The tragedy is that everyone except the political class can see where this leads. Businesses will continue cutting. The tax base will continue shrinking. The government will continue demanding more from less. The Bank of England will continue being “surprised” by predictable outcomes.
Britain isn’t experiencing a temporary economic downturn that better policies might reverse. It’s locked in a structural decline where each intervention makes the next crisis inevitable. The jobs data isn’t just bad news—it’s documentary evidence of a nation consuming its own productive capacity while its leaders plan the next raid on what remains.

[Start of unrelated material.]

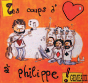 Selon Jean-Luc, ils ont choisi gémeaux “car avec tous les signes du zodiaque ça laisse de la marge pour faire d’autres albums”. Bonne idée et pleine d’humour ! Cela faisait déjà vingt ans que Jean- Luc, Didier et Vincent animaient des bals avec leur orchestre “Coups de Cœur”. Philippe quant à lui ‘donnait de la voix’ dans des soirées de fête entre amis, chantant Brassens ! De l’union de ces quatre amoureux de la chanson française à texte est né le groupe “Les Coups d’Cœur à Philippe”. A raison d’environ sept concerts par an et durant trois heures à chaque fois, ils vous font partager leur passion des textes remplis de messages : tantôt engagés, tantôt taquins ! Les chansons comme “Le Croupion” ou “le Blues du pochtron” composées par Jean-Luc ne vont pas à l’encontre de “Gare au Gorille” de Brassens ou de “Elle a vu le loup” de Renaud auteurs de référence du groupe et repris lors des concerts. Vous les découvrirez certainement dans des fêtes populaires, des salles de concert, des restaurants : partout où l’on peut s’entendre penser collectivement “c’est tellement vrai ce qu’ils disent !” Leur album est vendu sur les lieux de représentations ou en vous adressant à Jean- Luc Guerringue au 03 81 60 05 11.

The November budget Reeves is preparing won’t solve this. It will accelerate it. Because that’s what British economic governance has become: a machine for destroying the prosperity it claims to create, run by people who can’t understand why the machine keeps producing the opposite of what they promise.
The data doesn’t lie. The decline continues. And somewhere in Whitehall, they’re planning how to make it worse.
Commentary based on UK businesses cut jobs at fastest pace in four years over summer, Bank of England finds by Richard Partington on The Guardian.